First successful build here, could probably do a neater job on the wires, but hey it sounds rad!


----------



## Barry (May 17, 2020)

Looks good


----------



## MightySmallElectrons (May 17, 2020)

Yeah...looks real good! Nice work!


----------



## cooder (May 17, 2020)

Nice one and you got that understated look of original!


----------



## Chuck D. Bones (May 18, 2020)

Very nice!


----------



## Malice95 (May 24, 2020)

Could you answer a couple questions for me.. I'm gonna tackle this circuit as my first build and I'm trying to nail down a couple specifics. What type of capacitors did you use? I see the blue boxy ones and the round tall ones? (not sure what to call them) Why the one odd ball cap between the two chips? Anything I should watch out for doing this build? Any hurdles you had to figure out? 

Thanks! Mike


----------



## falzhobel (May 25, 2020)

Have you tried it at 9V instead of 18V ? (By removing the LT1054 or TC1044). I didn't find it very different.


----------



## TheSin (May 25, 2020)

Nice!


----------



## Grayscale (May 25, 2020)

Malice95 said:


> Could you answer a couple questions for me.. I'm gonna tackle this circuit as my first build and I'm trying to nail down a couple specifics. What type of capacitors did you use? I see the blue boxy ones and the round tall ones? (not sure what to call them) Why the one odd ball cap between the two chips? Anything I should watch out for doing this build? Any hurdles you had to figure out?
> 
> Thanks! Mike


I ordered all of my components from guitarpedalparts.com, their site is built to easily search or filter component types. The build docs show the pcb so you can confirm if you should use a box film capacitor or electrolytic (cylinder type), but generally the values on the build doc with a "U" are electrolytic and "N" are box film. You may need to consult a conversion chart to double check when ordering.

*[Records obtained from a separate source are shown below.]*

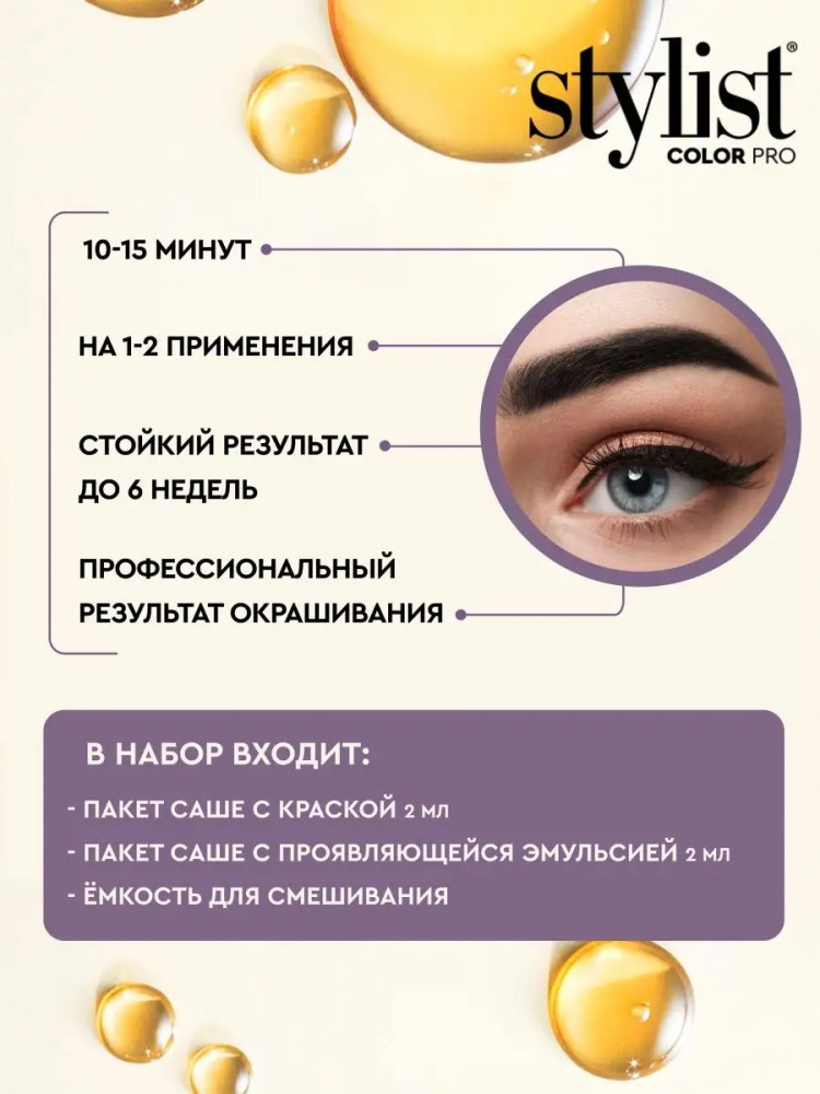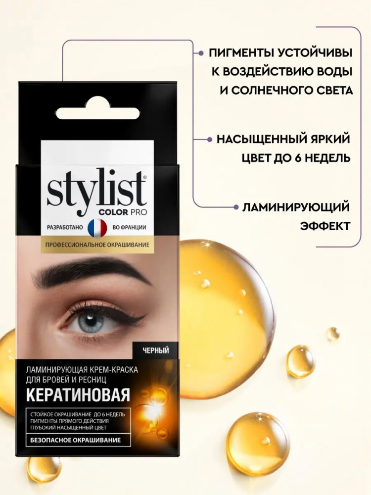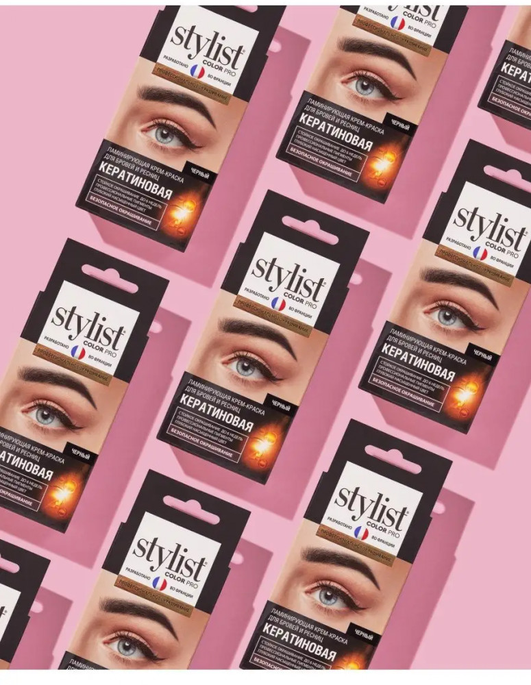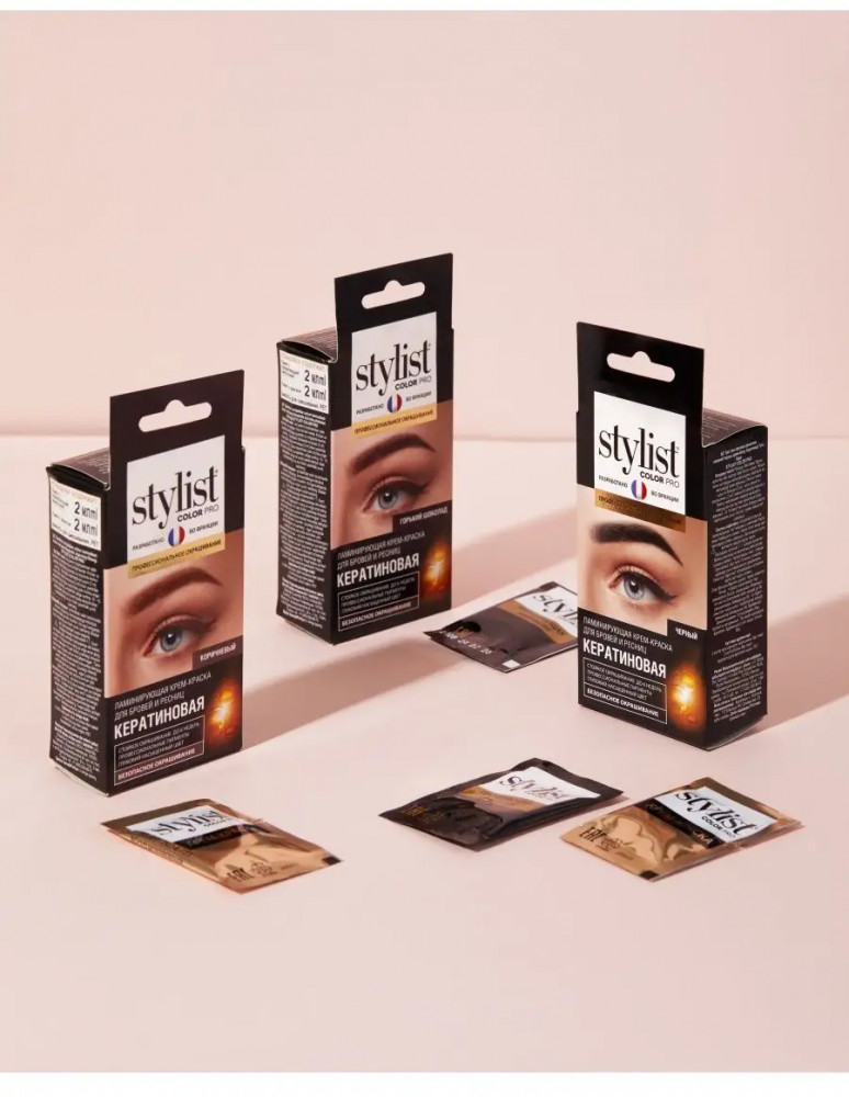 Stylist Color Pro Крем-краска для бровей и ресниц ламинирующая кератиновая, оттенок Черный
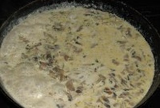 2. Потушить лук с грибами и сливками. Посолить и добавить приправы по вкусу.
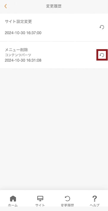 変更を取り消したい場合は、取り消したい操作の右にある[変更を戻す]ボタンをタップします。
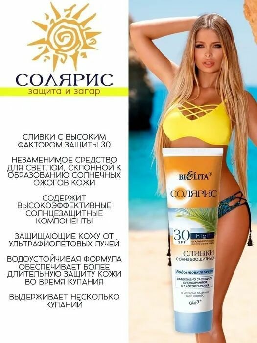 Белита Сливки солнцезащитные Солярис, водостойкие SPF 30 NEW 100 мл
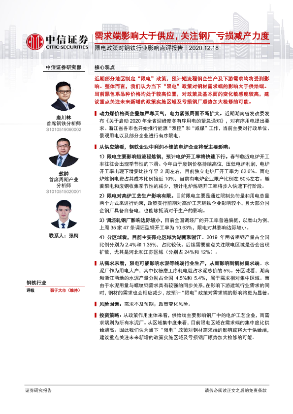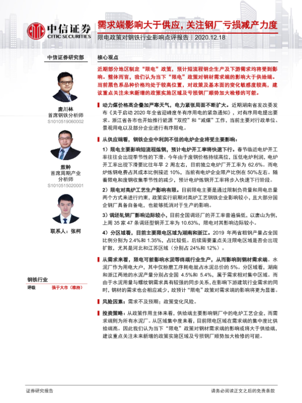 【中信证券】【20201218】限电政策对钢铁行业影响点评报告:需求端影响大于供应,关注钢厂亏损减产力度-2页
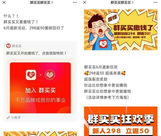 在6月,群买买似乎进入了产品推广期。当月,群买买推出一项拉新活动,老店主成功邀新后,当新店主业绩满298元,老店主可得50元拉新奖励。一位群买买店主表示,群买买正狂撒十个亿,“抓住机会!”
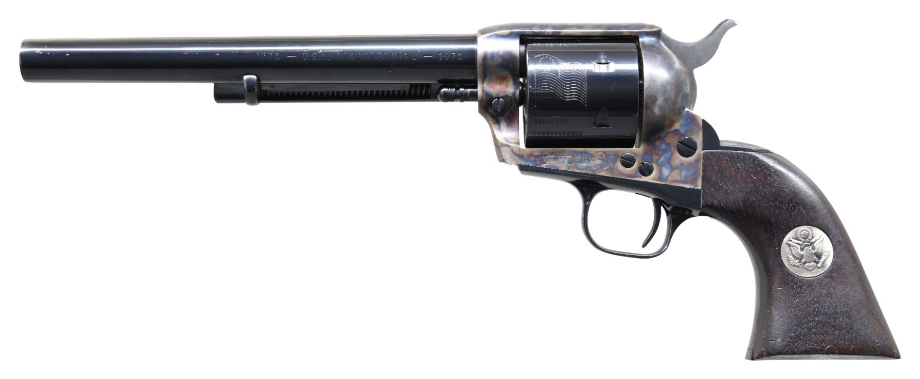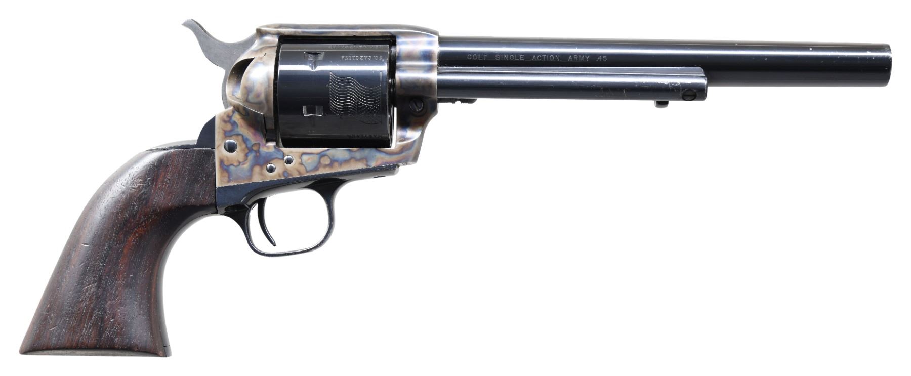 GUN 2: Colt Single Action Army Revolver. Cal. 45. S# 0503PM. Bbl. 7 1/2". Round six shot cyl. depicts the thirteen star American flags & lists the original thirteen colonies. Blue & case colored finish w/ polished hammer sides. One piece rosewood grip. CONDITION: wood & metal surfaces show numerous scratches & handling marks. Front sight is missing. Bright near excellent bore. (25-923/DS). MODERN.
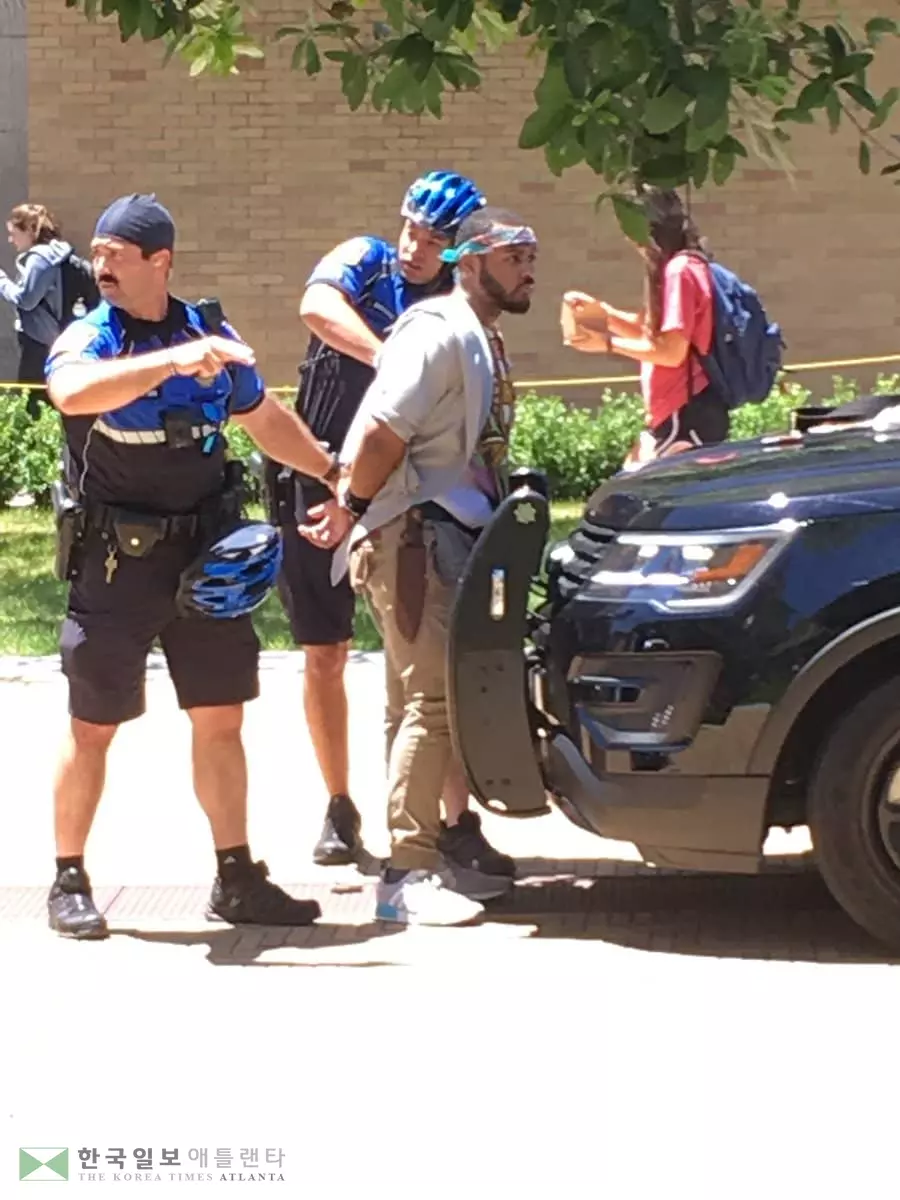 1일 오후 텍사스 대학교에서 한 학생이 나이프를 휘둘러 1명이 사망하고 3명이 중상을 입었다. 대학 경찰은 텍사스대에 재학중인 20살 켄드렉스 제이 와이트를 용의자로 체포해 범행동기를 조사 중이다. 경찰이 용의자를 연행하고 있다. 이인락 기자

The odd ball cap for 390p was harder to find, believe I got that from Tayda where you can usually find all the components as well.  My biggest lesson learned was the correct orientation for the LED, there is a post about LEDs on here you should check but the long leed should be on the (a) / positive side of the board.  I also used an illuminated 3pdt breakout board since the standard ones were sold out so i had to bridge the LED circuit with a bit of metal.  Good luck!


----------



## Grayscale (May 25, 2020)

falzhobel said:


> Have you tried it at 9V instead of 18V ? (By removing the LT1054 or TC1044). I didn't find it very different.


I just went with the standard build since I got all of the ICs listed. I'd be curious to try some of the mods out there though.


----------